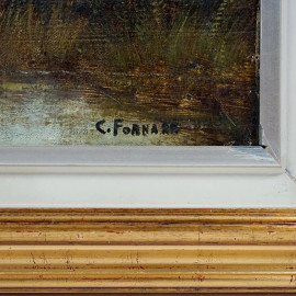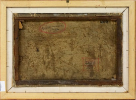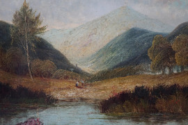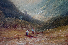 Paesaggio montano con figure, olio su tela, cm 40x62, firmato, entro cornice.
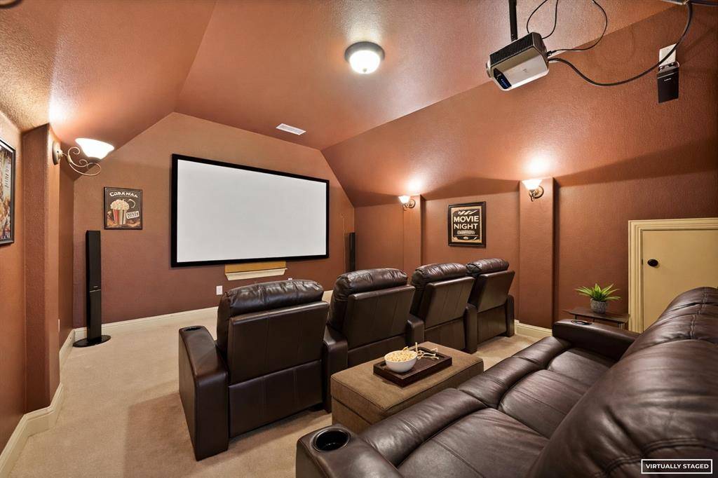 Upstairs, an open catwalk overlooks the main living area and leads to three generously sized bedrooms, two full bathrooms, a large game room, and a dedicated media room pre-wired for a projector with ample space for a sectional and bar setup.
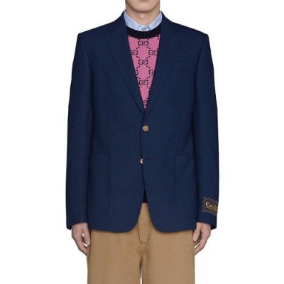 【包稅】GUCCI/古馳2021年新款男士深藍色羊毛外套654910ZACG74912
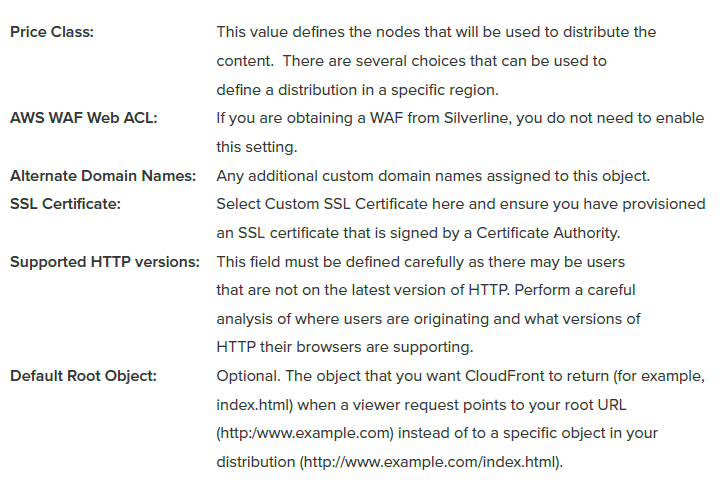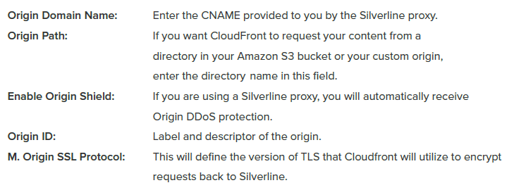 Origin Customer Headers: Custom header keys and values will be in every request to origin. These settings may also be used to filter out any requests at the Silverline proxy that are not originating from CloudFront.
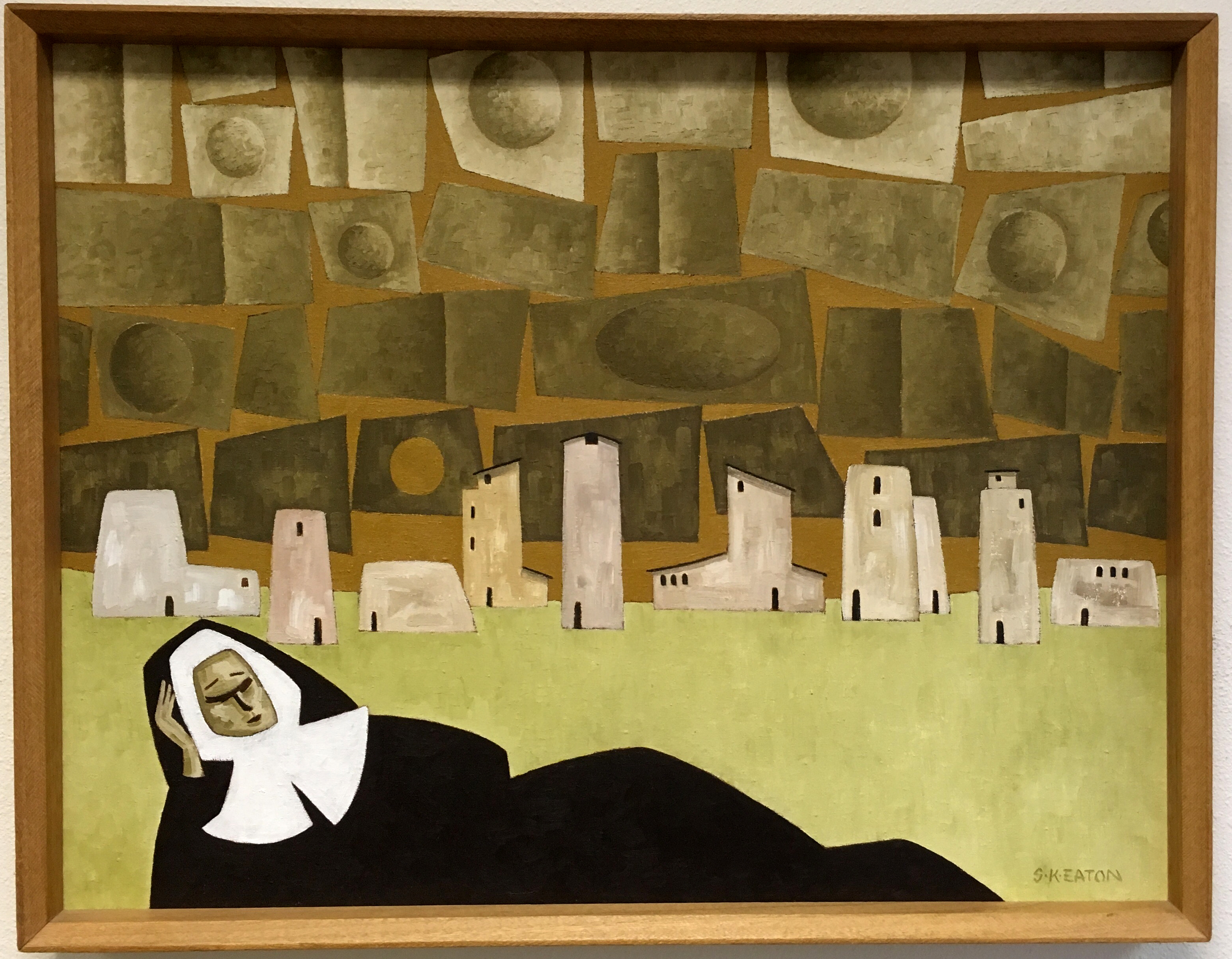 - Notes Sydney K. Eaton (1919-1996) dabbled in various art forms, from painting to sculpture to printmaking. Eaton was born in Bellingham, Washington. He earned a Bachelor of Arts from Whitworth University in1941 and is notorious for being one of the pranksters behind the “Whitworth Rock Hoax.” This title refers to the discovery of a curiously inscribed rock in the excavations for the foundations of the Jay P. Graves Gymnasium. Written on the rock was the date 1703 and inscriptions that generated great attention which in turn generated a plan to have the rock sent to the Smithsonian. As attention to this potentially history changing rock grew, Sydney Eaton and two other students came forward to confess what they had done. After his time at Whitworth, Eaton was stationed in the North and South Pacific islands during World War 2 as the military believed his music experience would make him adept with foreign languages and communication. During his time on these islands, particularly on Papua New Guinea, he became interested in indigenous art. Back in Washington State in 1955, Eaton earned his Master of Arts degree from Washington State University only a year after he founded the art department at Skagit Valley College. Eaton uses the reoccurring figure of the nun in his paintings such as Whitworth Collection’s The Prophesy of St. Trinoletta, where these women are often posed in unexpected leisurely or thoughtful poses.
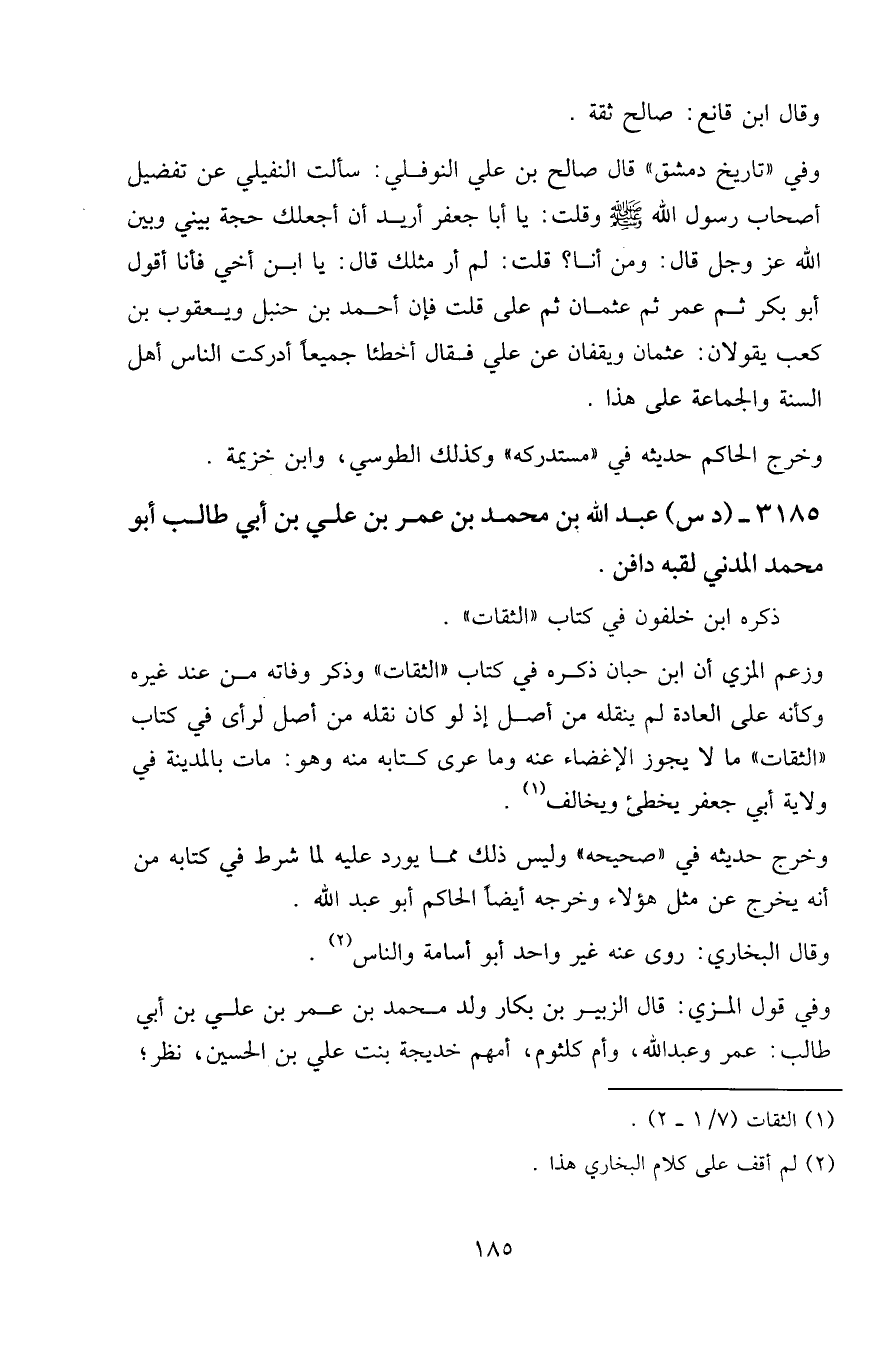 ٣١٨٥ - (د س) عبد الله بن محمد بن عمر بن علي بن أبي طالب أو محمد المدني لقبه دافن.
.....
**TASK GOAL**
While skipping the pictures, transcribe the data above from the line showing "Upstairs, an open" through the line showing "Origin Customer Headers: Custom", exactly and with both ends.

**ANSWER**
 Upstairs, an open catwalk overlooks the main living area and leads to three generously sized bedrooms, two full bathrooms, a large game room, and a dedicated media room pre-wired for a projector with ample space for a sectional and bar setup.
 【包稅】GUCCI/古馳2021年新款男士深藍色羊毛外套654910ZACG74912
 Origin Customer Headers: Custom header keys and values will be in every request to origin. These settings may also be used to filter out any requests at the Silverline proxy that are not originating from CloudFront.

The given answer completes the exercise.